━━━━━ Given entries ━━━━━
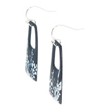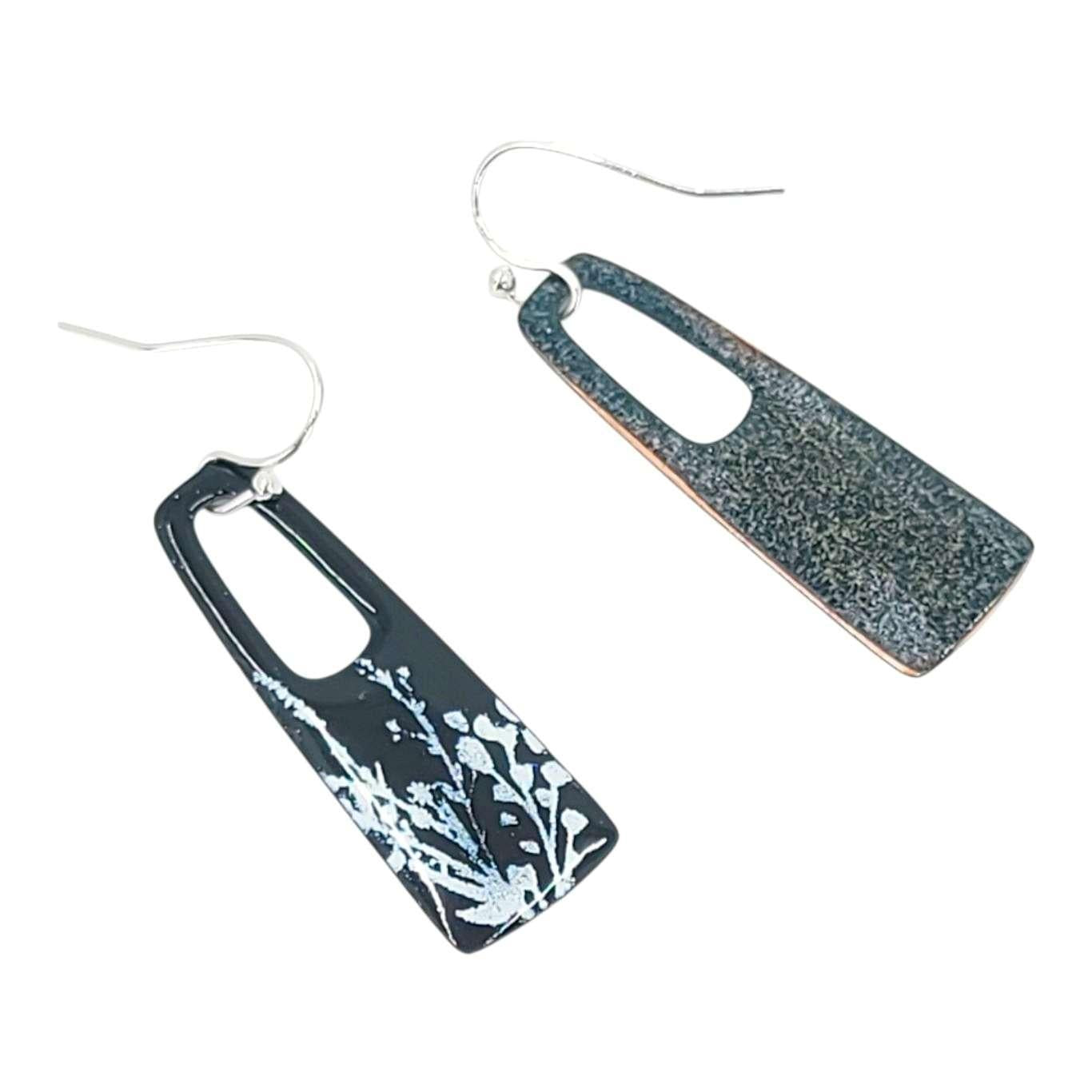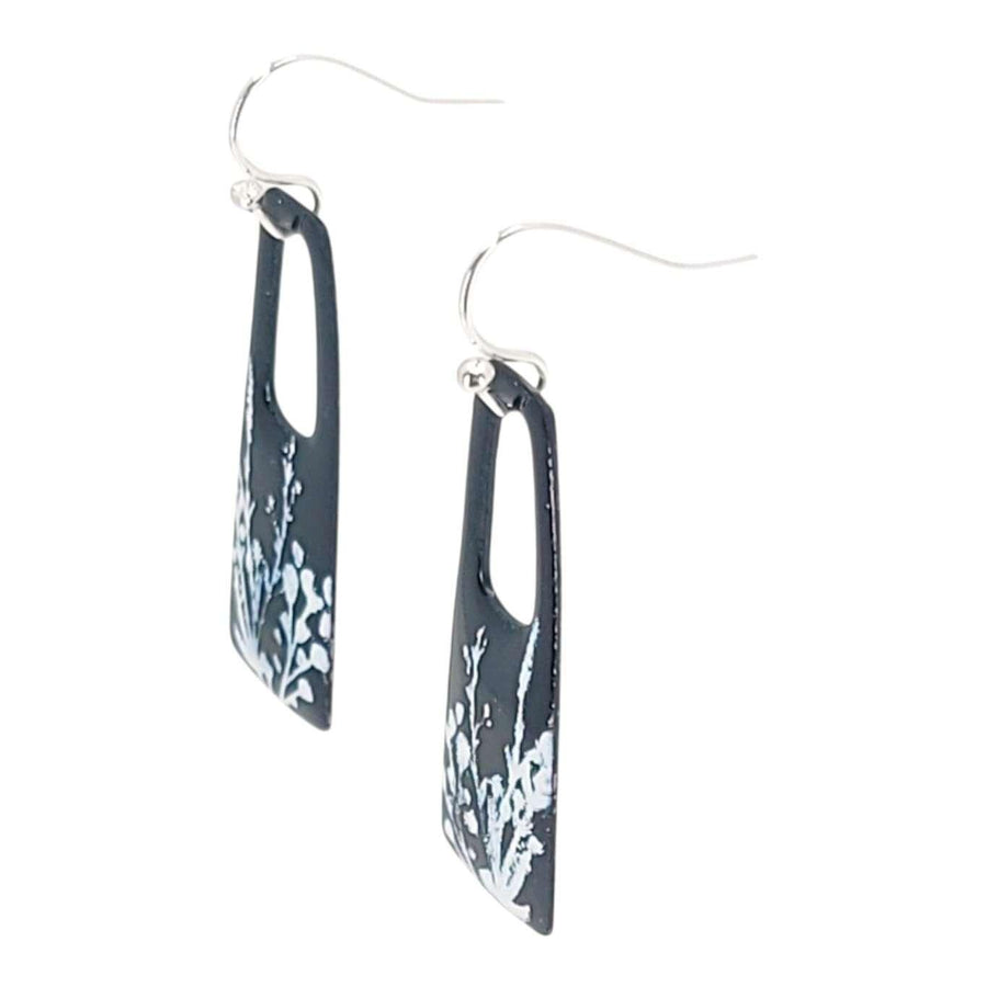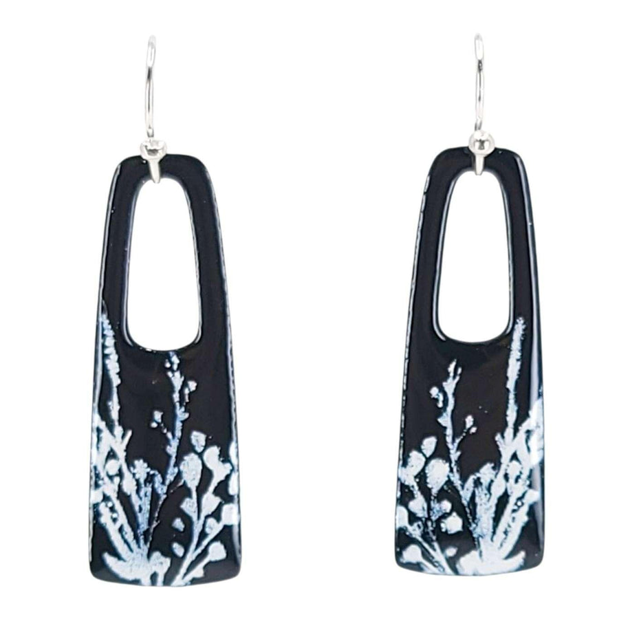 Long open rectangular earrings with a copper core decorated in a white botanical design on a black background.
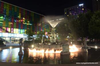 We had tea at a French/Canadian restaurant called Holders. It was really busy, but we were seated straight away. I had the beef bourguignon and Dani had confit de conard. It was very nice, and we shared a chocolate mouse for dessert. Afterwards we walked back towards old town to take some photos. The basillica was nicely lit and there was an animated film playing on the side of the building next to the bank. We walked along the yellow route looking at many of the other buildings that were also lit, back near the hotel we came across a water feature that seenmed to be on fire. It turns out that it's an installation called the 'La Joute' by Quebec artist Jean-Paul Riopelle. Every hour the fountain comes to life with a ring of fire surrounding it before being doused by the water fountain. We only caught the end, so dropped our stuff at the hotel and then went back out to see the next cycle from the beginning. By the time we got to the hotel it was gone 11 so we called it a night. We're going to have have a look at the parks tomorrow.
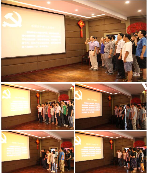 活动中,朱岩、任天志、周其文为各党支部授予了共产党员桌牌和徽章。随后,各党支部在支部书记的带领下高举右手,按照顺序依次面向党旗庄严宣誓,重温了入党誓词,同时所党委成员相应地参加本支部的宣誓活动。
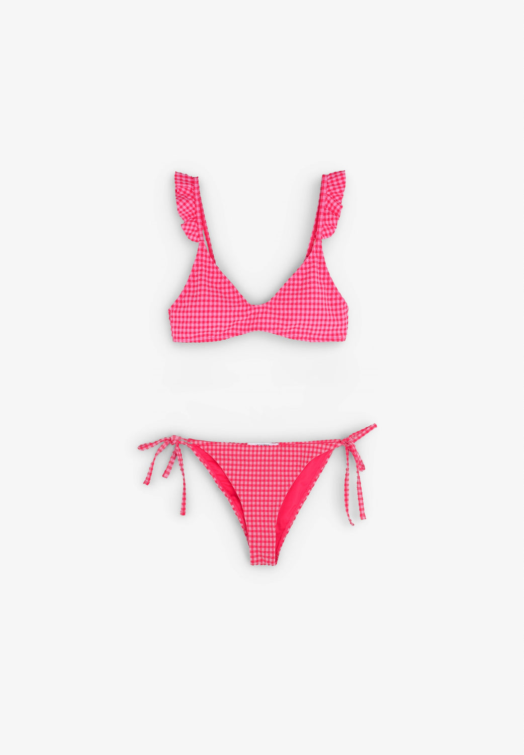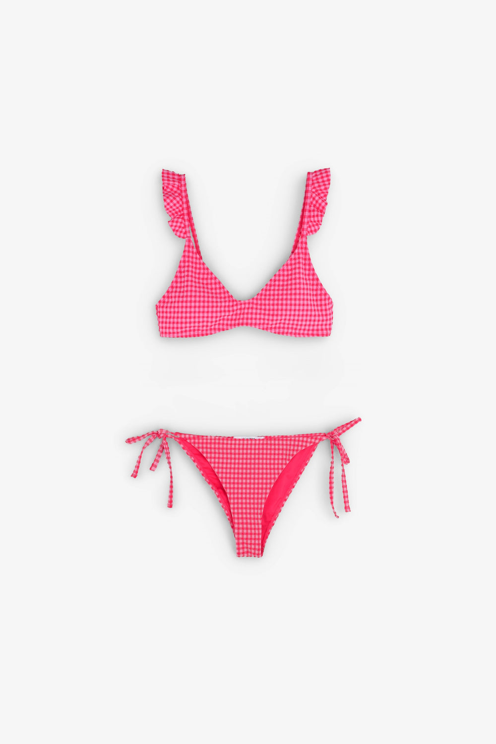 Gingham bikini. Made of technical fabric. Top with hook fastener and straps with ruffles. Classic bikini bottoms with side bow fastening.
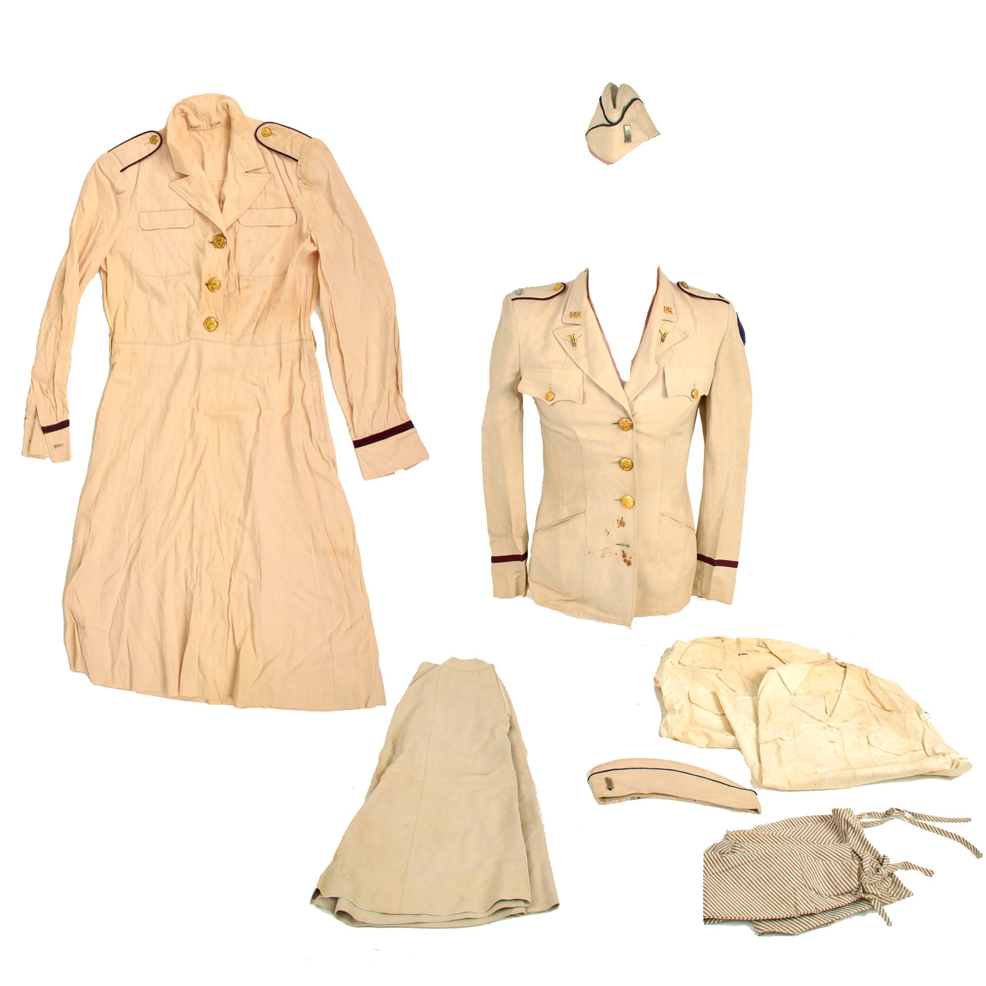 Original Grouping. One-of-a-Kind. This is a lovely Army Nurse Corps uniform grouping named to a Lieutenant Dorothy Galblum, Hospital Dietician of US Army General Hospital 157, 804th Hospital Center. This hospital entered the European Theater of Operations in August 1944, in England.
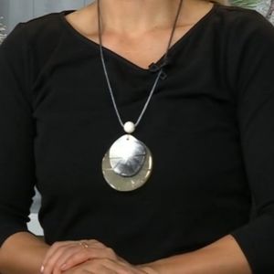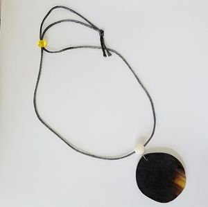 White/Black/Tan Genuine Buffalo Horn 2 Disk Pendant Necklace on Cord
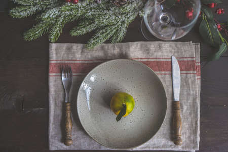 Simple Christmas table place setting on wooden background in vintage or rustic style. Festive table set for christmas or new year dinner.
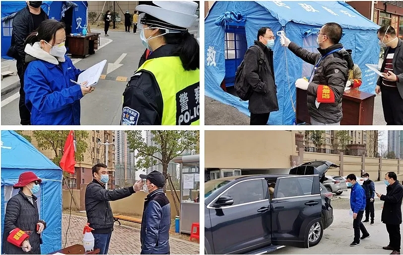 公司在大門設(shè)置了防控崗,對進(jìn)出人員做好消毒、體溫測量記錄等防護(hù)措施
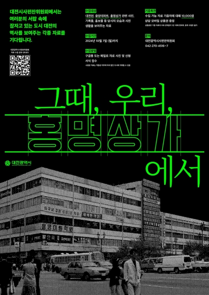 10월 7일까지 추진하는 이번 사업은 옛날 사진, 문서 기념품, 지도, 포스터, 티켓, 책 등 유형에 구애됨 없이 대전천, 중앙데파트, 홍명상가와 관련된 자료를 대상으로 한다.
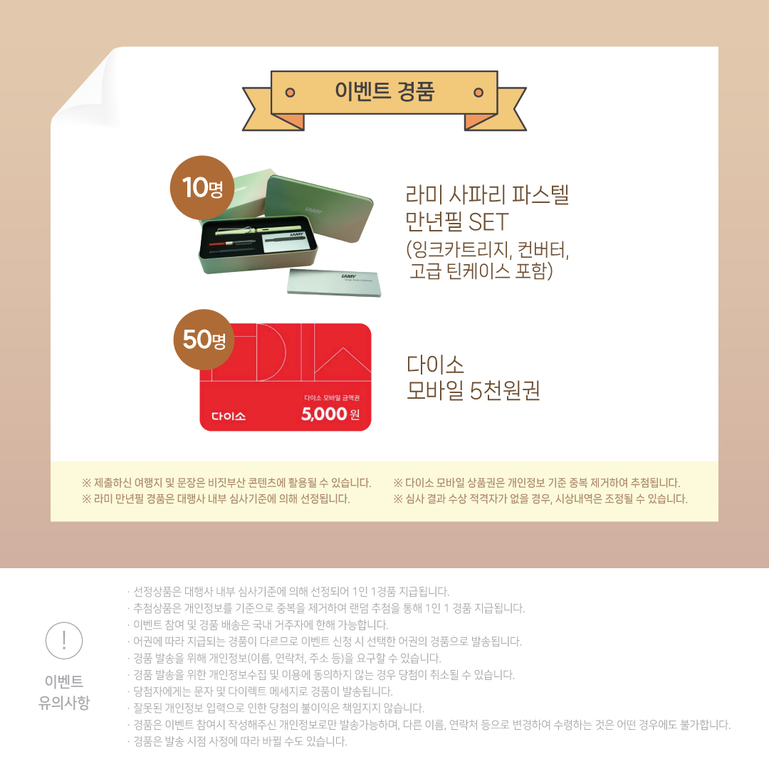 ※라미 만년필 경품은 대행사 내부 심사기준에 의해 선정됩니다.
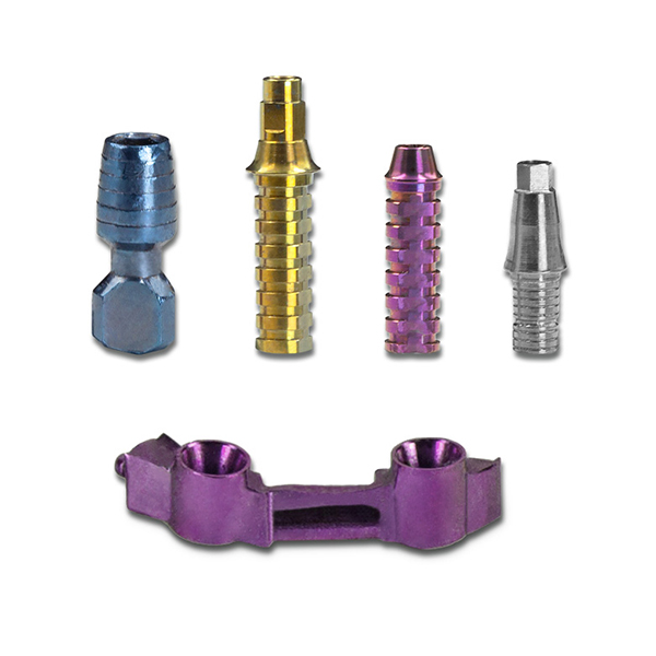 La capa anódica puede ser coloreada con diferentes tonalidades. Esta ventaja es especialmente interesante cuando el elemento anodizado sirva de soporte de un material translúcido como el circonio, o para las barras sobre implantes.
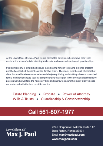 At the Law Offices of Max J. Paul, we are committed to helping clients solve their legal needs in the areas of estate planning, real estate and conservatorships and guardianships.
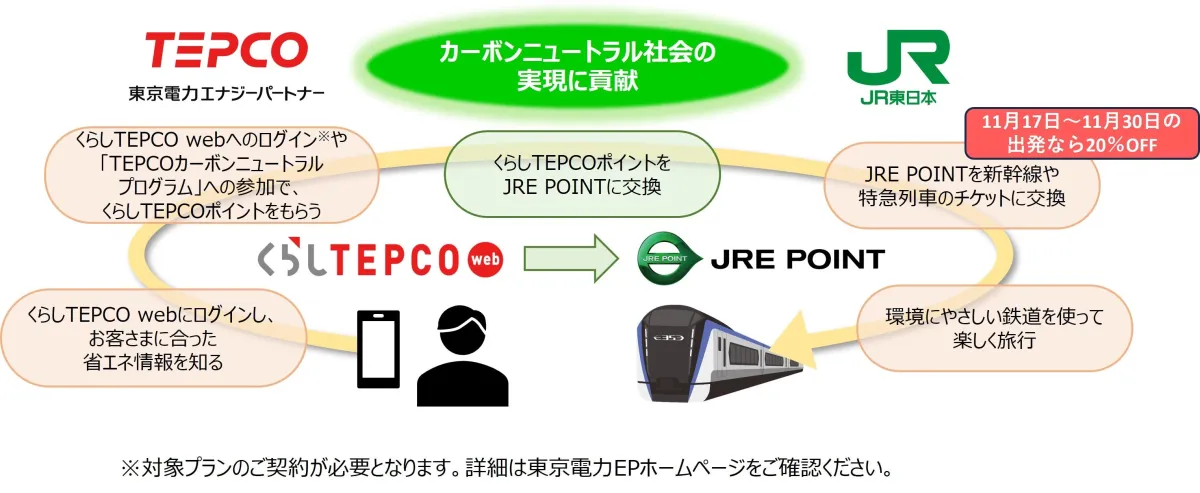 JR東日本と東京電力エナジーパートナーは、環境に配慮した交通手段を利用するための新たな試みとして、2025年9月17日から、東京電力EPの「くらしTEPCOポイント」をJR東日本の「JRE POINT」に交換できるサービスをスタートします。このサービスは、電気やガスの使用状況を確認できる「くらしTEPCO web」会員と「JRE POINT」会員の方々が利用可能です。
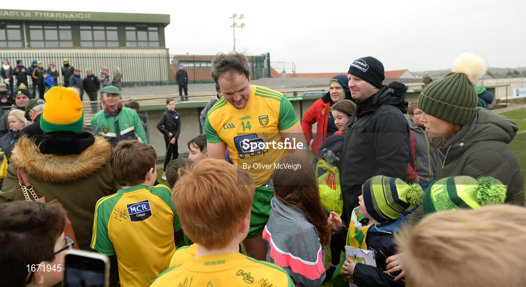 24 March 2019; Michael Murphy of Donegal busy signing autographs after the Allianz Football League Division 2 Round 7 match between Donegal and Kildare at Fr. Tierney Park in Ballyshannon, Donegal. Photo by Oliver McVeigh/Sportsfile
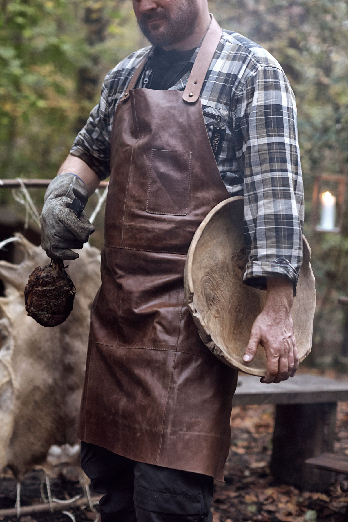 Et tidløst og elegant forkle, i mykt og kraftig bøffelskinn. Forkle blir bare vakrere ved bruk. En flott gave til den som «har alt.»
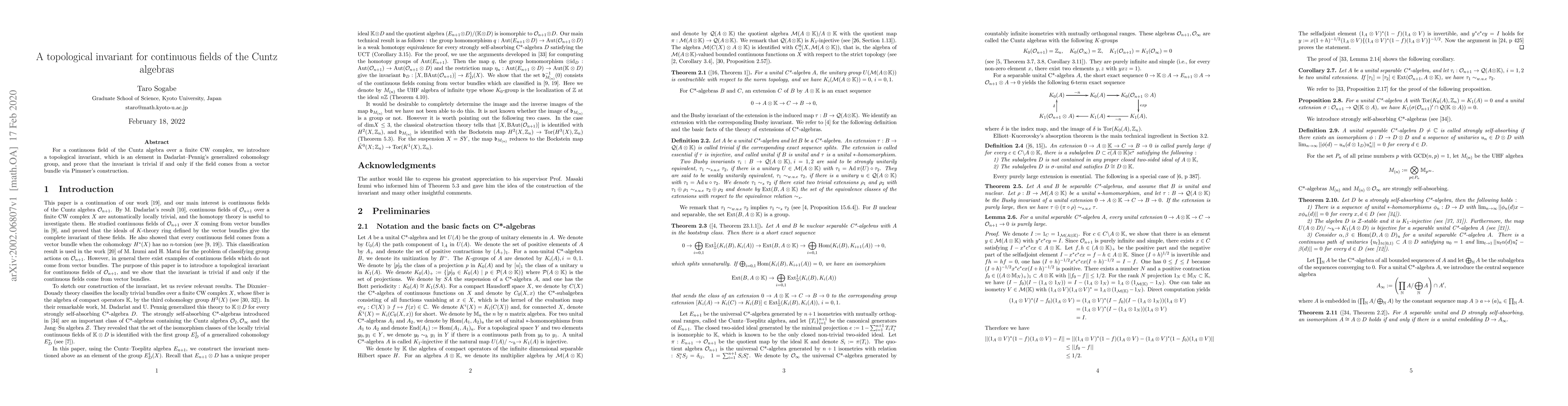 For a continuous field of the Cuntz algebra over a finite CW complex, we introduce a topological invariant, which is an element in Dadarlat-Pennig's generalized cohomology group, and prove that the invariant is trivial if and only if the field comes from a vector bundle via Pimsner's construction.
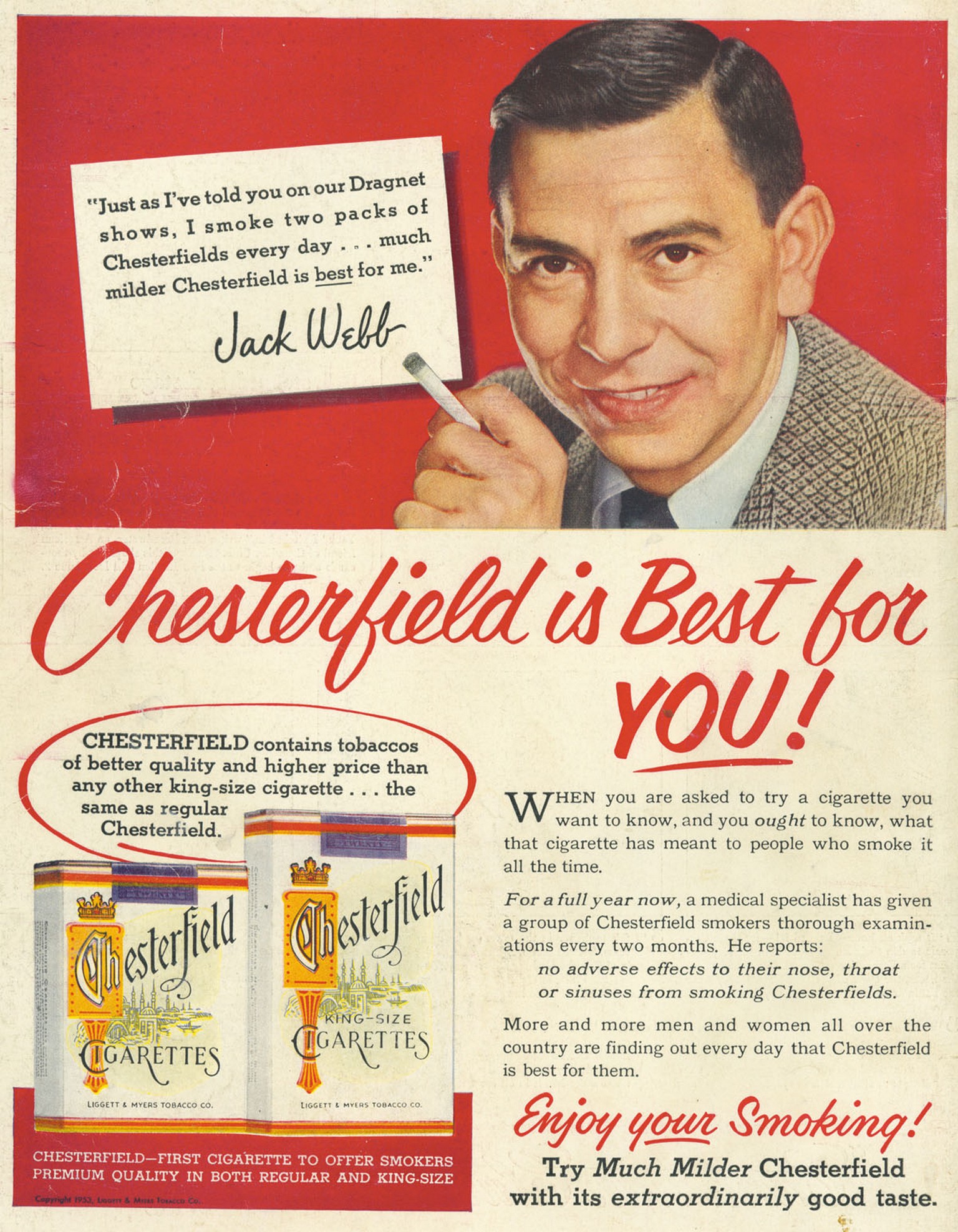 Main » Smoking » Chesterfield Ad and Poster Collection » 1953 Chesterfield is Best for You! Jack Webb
━━━━━
== Problem details ==
Please give back exactly the lines from the first line of the records above through the line containing "活动中,朱岩、任天志、周其文", only those and both included, with the pictures removed.

== Exercise response ==
 Long open rectangular earrings with a copper core decorated in a white botanical design on a black background.
 We had tea at a French/Canadian restaurant called Holders. It was really busy, but we were seated straight away. I had the beef bourguignon and Dani had confit de conard. It was very nice, and we shared a chocolate mouse for dessert. Afterwards we walked back towards old town to take some photos. The basillica was nicely lit and there was an animated film playing on the side of the building next to the bank. We walked along the yellow route looking at many of the other buildings that were also lit, back near the hotel we came across a water feature that seenmed to be on fire. It turns out that it's an installation called the 'La Joute' by Quebec artist Jean-Paul Riopelle. Every hour the fountain comes to life with a ring of fire surrounding it before being doused by the water fountain. We only caught the end, so dropped our stuff at the hotel and then went back out to see the next cycle from the beginning. By the time we got to the hotel it was gone 11 so we called it a night. We're going to have have a look at the parks tomorrow.
 活动中,朱岩、任天志、周其文为各党支部授予了共产党员桌牌和徽章。随后,各党支部在支部书记的带领下高举右手,按照顺序依次面向党旗庄严宣誓,重温了入党誓词,同时所党委成员相应地参加本支部的宣誓活动。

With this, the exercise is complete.